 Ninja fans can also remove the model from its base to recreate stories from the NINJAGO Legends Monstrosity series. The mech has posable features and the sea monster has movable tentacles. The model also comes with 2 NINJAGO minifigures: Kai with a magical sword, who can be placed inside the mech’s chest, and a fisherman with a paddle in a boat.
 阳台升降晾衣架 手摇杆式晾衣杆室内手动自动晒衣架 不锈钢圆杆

+++++

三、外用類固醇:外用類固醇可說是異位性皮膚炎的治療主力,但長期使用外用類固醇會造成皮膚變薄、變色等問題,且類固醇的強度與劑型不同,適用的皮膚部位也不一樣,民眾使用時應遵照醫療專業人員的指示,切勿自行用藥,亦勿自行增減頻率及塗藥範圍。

+++++

WHAT IS NEEDED:
Please, from the material above, copy only the lines from the line with "Ninja fans can" up to and including the line with "阳台升降晾衣架 手摇杆式晾衣杆室内手动自动晒衣架 不锈钢圆杆", exactly as written.

RESULT OF THIS EXERCISE:
 Ninja fans can also remove the model from its base to recreate stories from the NINJAGO Legends Monstrosity series. The mech has posable features and the sea monster has movable tentacles. The model also comes with 2 NINJAGO minifigures: Kai with a magical sword, who can be placed inside the mech’s chest, and a fisherman with a paddle in a boat.
 阳台升降晾衣架 手摇杆式晾衣杆室内手动自动晒衣架 不锈钢圆杆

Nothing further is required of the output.